Она берет со стола блокнот, открытый на исписанной странице, и протягивает мне, прикладывая палец к губам.
– Сейчас посмотрим, как тебе помочь. Ты не ела ничего, кроме того, что давали в столовой?
– Кажется, нет, – я быстро пробегаю глазами по строчкам.

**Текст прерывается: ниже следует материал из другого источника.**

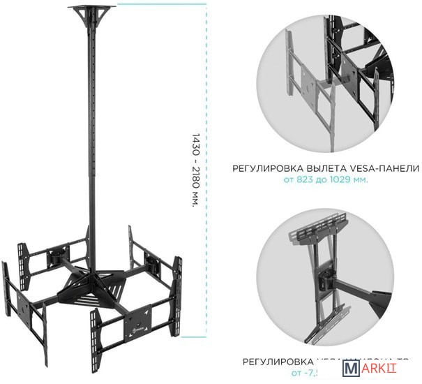 | Количество устанавливаемых мониторов | 4 монитора |
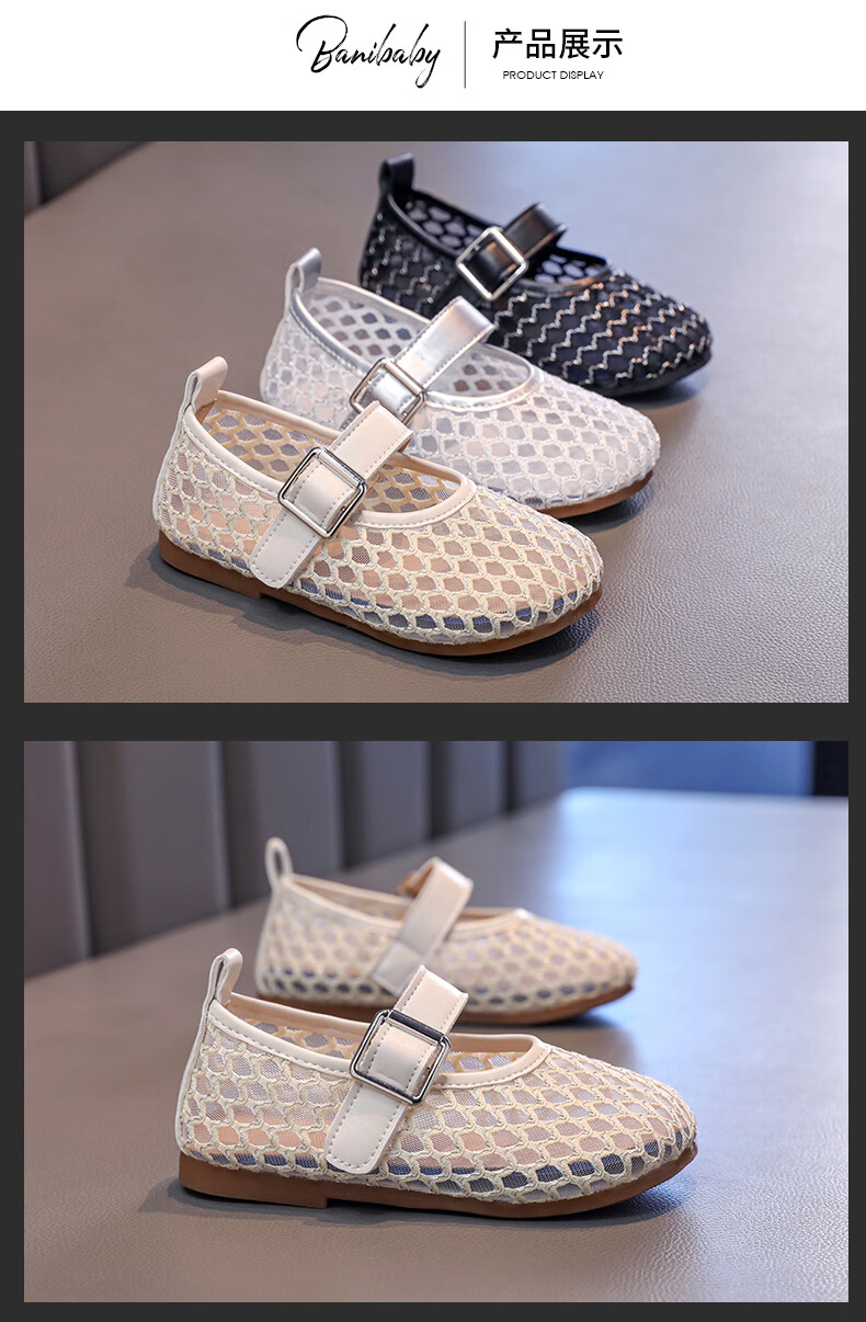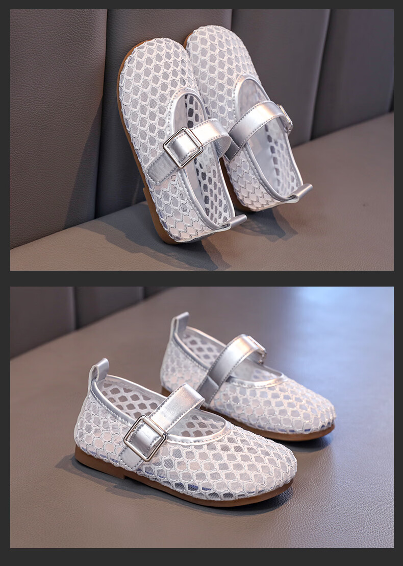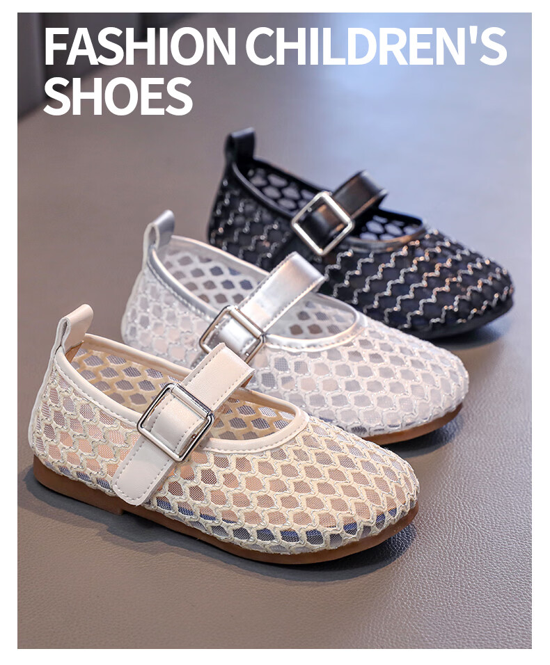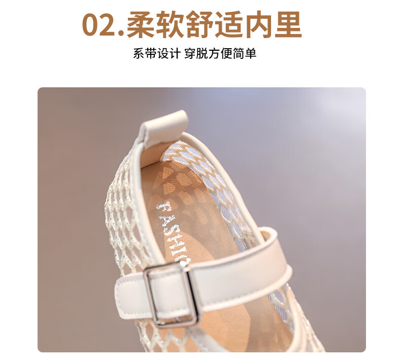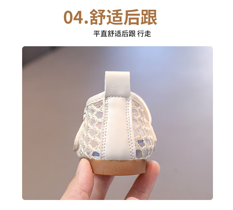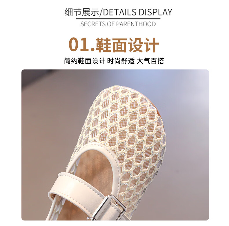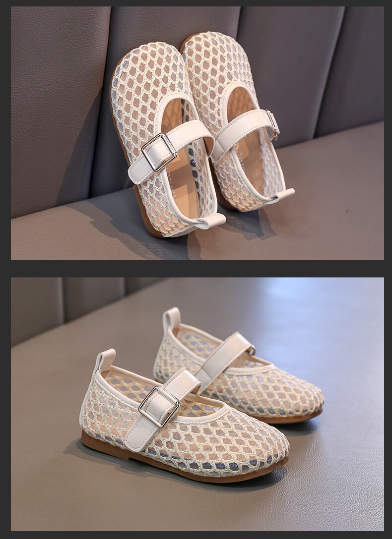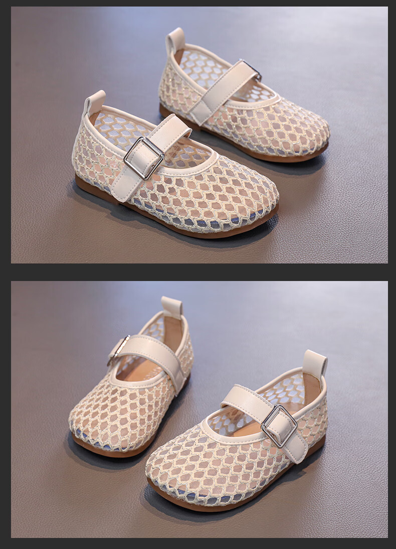 Girls sandals and children's shoes summer Korean new style breathable mesh shoes hollow children's shoes little girl princess shoes beige 26 size 26 / inner length about 16.0 cm

«Здесь нет камер, но они всё слышат. Я не могу увести тебя во двор, пока Адам здесь. Разговор придется отложить, но прочти все, что здесь написано, а потом тихо положи блокнот и уходи. Возможно, это будет тяжело воспринять, но у меня нет времени готовить тебя и объяснять все как следует. Оставайся спокойной и не выдавай волнения. Ты единственная, кому я решила довериться».
– И где именно болит?
«Трое ребят из вашей девятки не уехали домой, они в Центре. Нескольких Резистентов отбирают каждый год. Здесь проводятся незаконные исследования, которые заказывает правительство. Об этом знают только некоторые врачи и руководство. Другие твои друзья тоже могут оказаться в лаборатории. Тебе это не грозит, потому что ты – абсолютный Резистент, но и ты не в безопасности. Я могу помочь тебе и твоим друзьям, если ты готова рискнуть и довериться мне. Скоро вас будут распределять по специализациям, ты должна стать членом разведывательного отряда. И помни, что если как-то выдашь меня, нам обеим конец».